Stored items

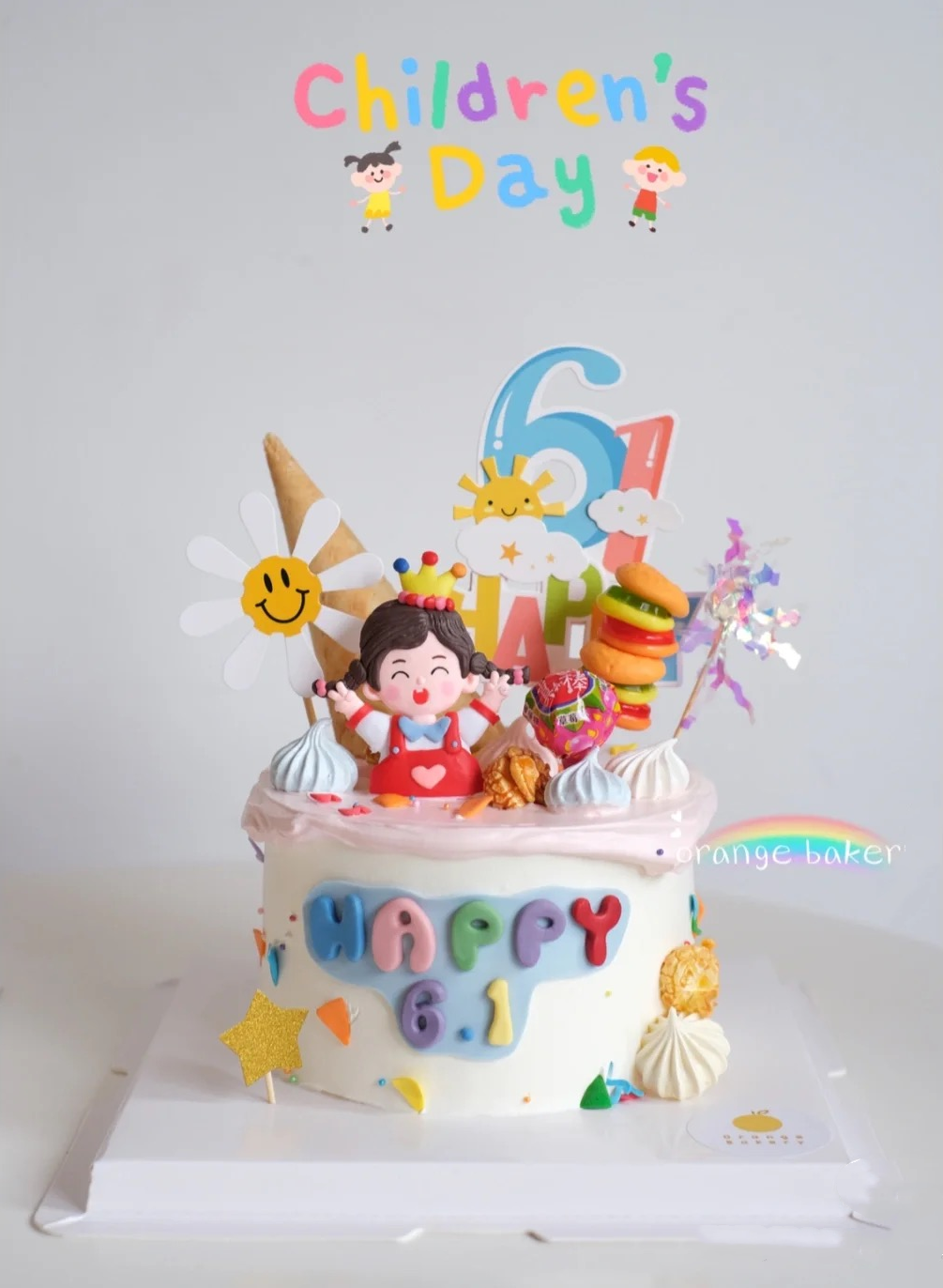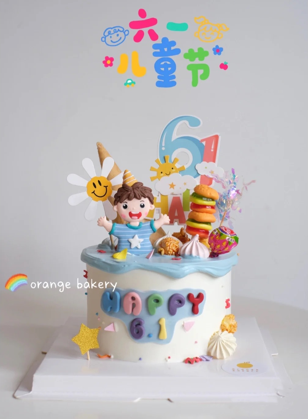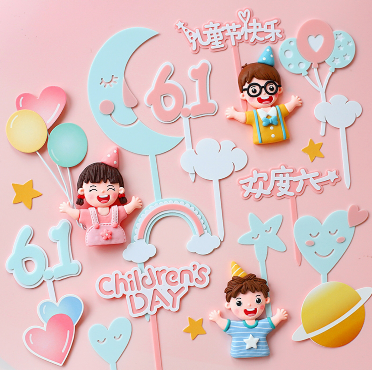 六一儿童节蛋糕装饰摆件大头男孩女孩软陶插件黄帽子小朋友插牌
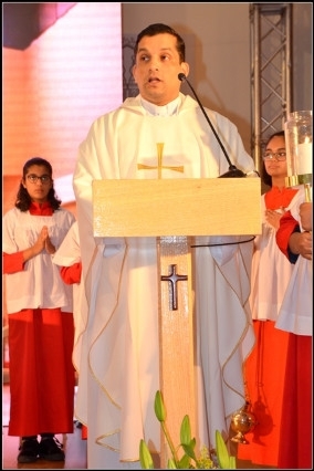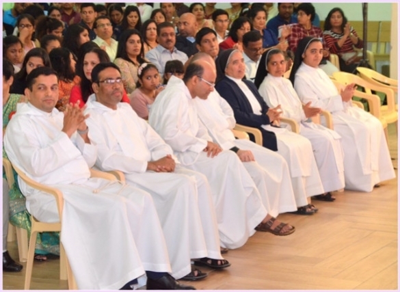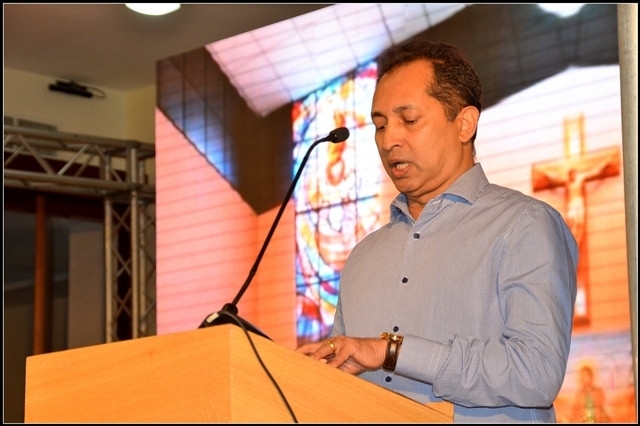 The celebration continued with a well-organized social program. Mrs. Yvonne Vaz, members of the Core Team of KPG extended the welcome speech. The Music Ministry of KPG then rendered a Theme Song specially composed for the occasion. The members of the Core Team with the priests sliced the Anniversary Cake. Rev. Fr. Stephen Lewis in his address urged all the faithful to become not just members of the prayer group but become persons of prayer. Mr. Deral Menezes, The Coordinator, presented the annual report of the activities.
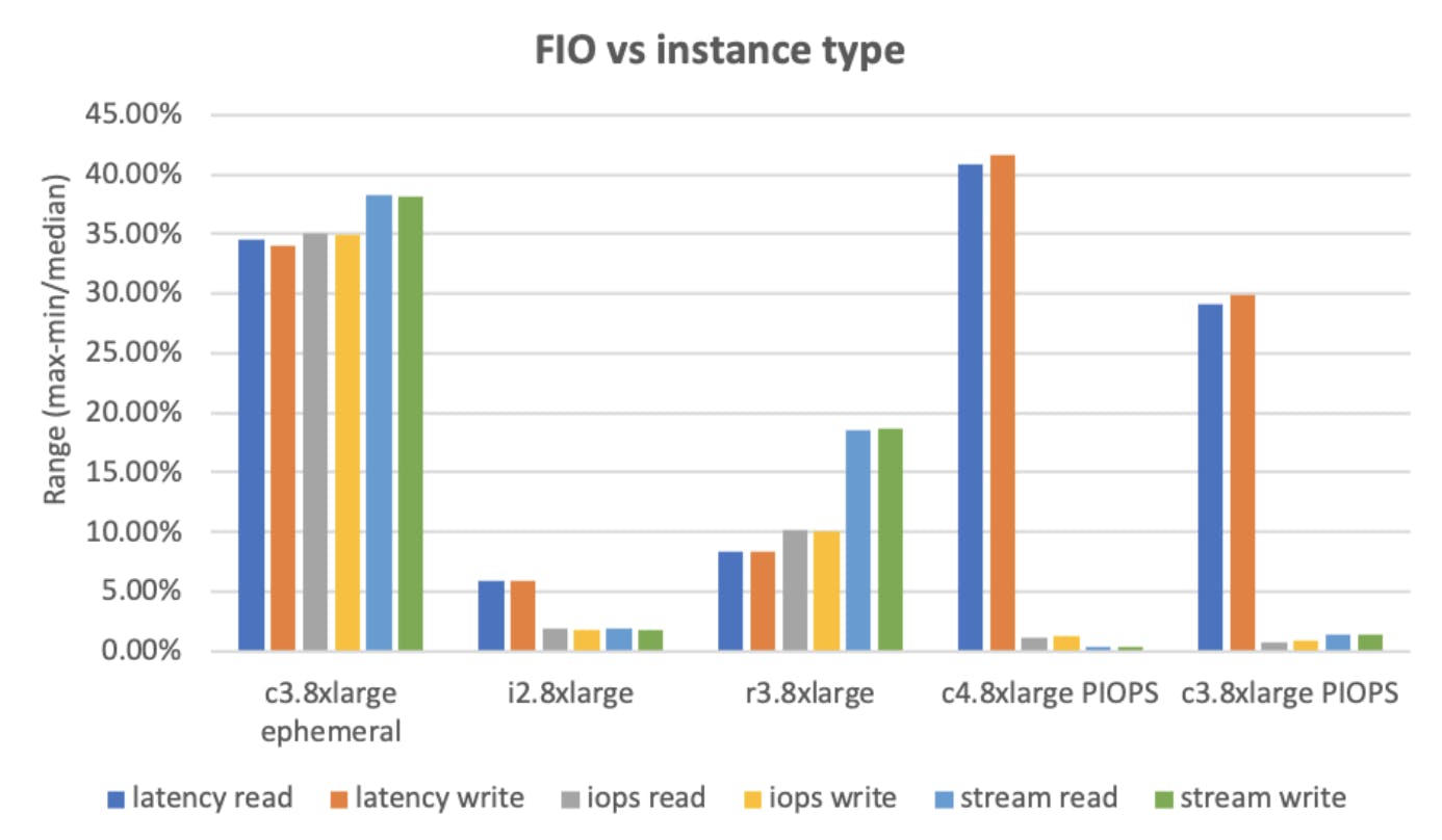 Contrary to popular belief, when using Provisioned IOPS with EBS, the performance is both good in absolute terms, and very very stable! This is true for our IO tests and our general tests. The latency of disk requests does have more variability than the SSD alternatives, but the IOPS performance was super stable. For most of our tests, the latter is the important characteristic.
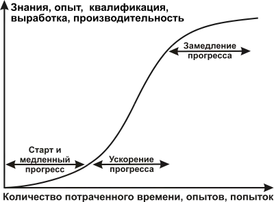 Кривая обучаемости также иллюстрирует изначальную сложность изучения чего-либо, а также то, насколько много предстоит освоить после начального ознакомления.
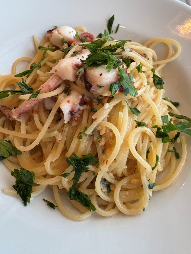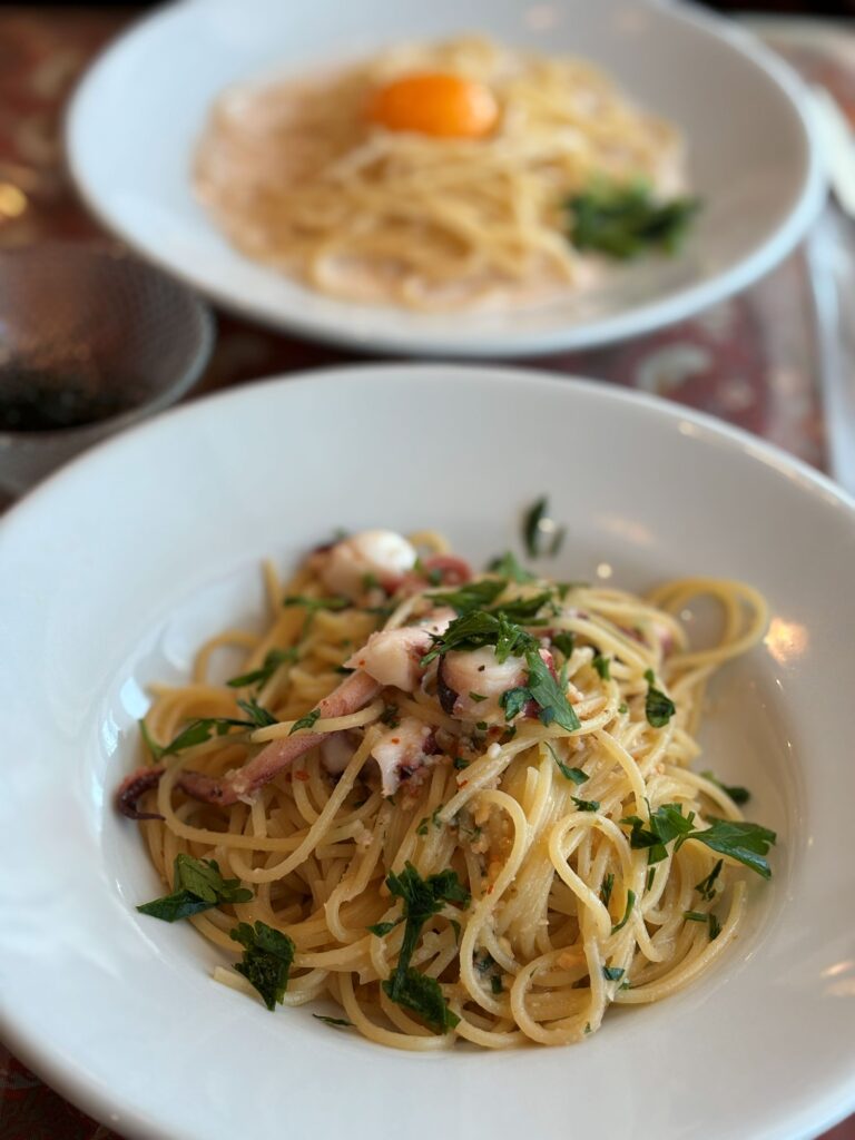 僕は「タコとイカのペペロンチーノ」、たっぷり魚介と香るニンニク、感じる旨み。
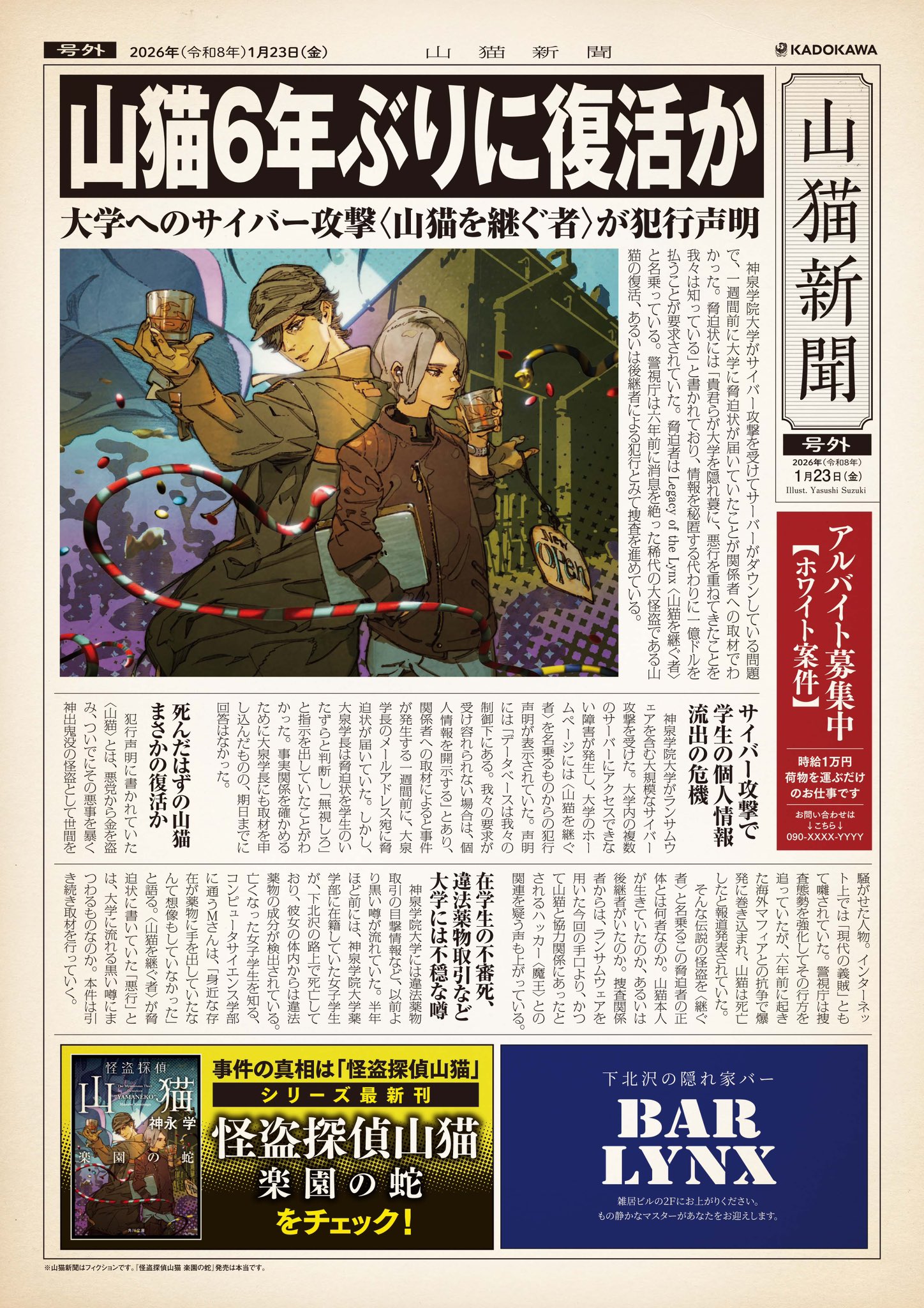 神永学『怪盗探偵山猫 楽園の蛇』(角川文庫)が、2026年1月23日(金)に発売となりました。
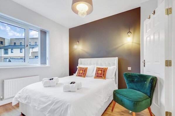The house is set over 3 floors. The ground floor has a kitchen, dining area with a view of the 65'' TV, breakfast bar, WC, snug room and a private garden.
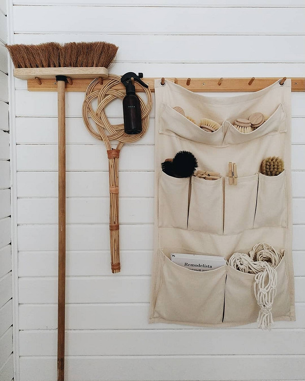 В этом примере задействовали сразу два вида настенного хранения. В основе — длинная настенная вешалка с крючками. На нее повесили крупные инструменты для уборки. Здесь же — вместительный органайзер с кармашками. В них сложили щетки, прищепки, губки, авоськи — то, что часто требуется в быту, но сложно организуется для хранения. «Станция» для бытовых приспособлений получилась не только удобная, но еще стильная — за счет бежевых оттенков, натуральных материалов (деревянная вешалка, хлопковый органайзер).
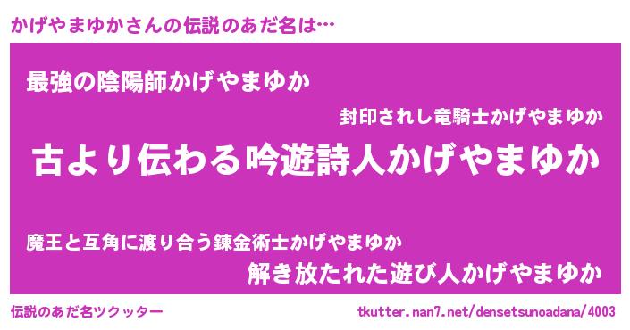 | 意味不明あだ名 | 『永久保存かげやまゆか』 |

◆ WORK REQUEST ◆
Please transcribe all of the entries word for word, with the pictures left out.

◆ REPLY TO THE TASK ◆
 六一儿童节蛋糕装饰摆件大头男孩女孩软陶插件黄帽子小朋友插牌
 The celebration continued with a well-organized social program. Mrs. Yvonne Vaz, members of the Core Team of KPG extended the welcome speech. The Music Ministry of KPG then rendered a Theme Song specially composed for the occasion. The members of the Core Team with the priests sliced the Anniversary Cake. Rev. Fr. Stephen Lewis in his address urged all the faithful to become not just members of the prayer group but become persons of prayer. Mr. Deral Menezes, The Coordinator, presented the annual report of the activities.
 Contrary to popular belief, when using Provisioned IOPS with EBS, the performance is both good in absolute terms, and very very stable! This is true for our IO tests and our general tests. The latency of disk requests does have more variability than the SSD alternatives, but the IOPS performance was super stable. For most of our tests, the latter is the important characteristic.
 Кривая обучаемости также иллюстрирует изначальную сложность изучения чего-либо, а также то, насколько много предстоит освоить после начального ознакомления.
 僕は「タコとイカのペペロンチーノ」、たっぷり魚介と香るニンニク、感じる旨み。
 神永学『怪盗探偵山猫 楽園の蛇』(角川文庫)が、2026年1月23日(金)に発売となりました。
The house is set over 3 floors. The ground floor has a kitchen, dining area with a view of the 65'' TV, breakfast bar, WC, snug room and a private garden.
 В этом примере задействовали сразу два вида настенного хранения. В основе — длинная настенная вешалка с крючками. На нее повесили крупные инструменты для уборки. Здесь же — вместительный органайзер с кармашками. В них сложили щетки, прищепки, губки, авоськи — то, что часто требуется в быту, но сложно организуется для хранения. «Станция» для бытовых приспособлений получилась не только удобная, но еще стильная — за счет бежевых оттенков, натуральных материалов (деревянная вешалка, хлопковый органайзер).
 | 意味不明あだ名 | 『永久保存かげやまゆか』 |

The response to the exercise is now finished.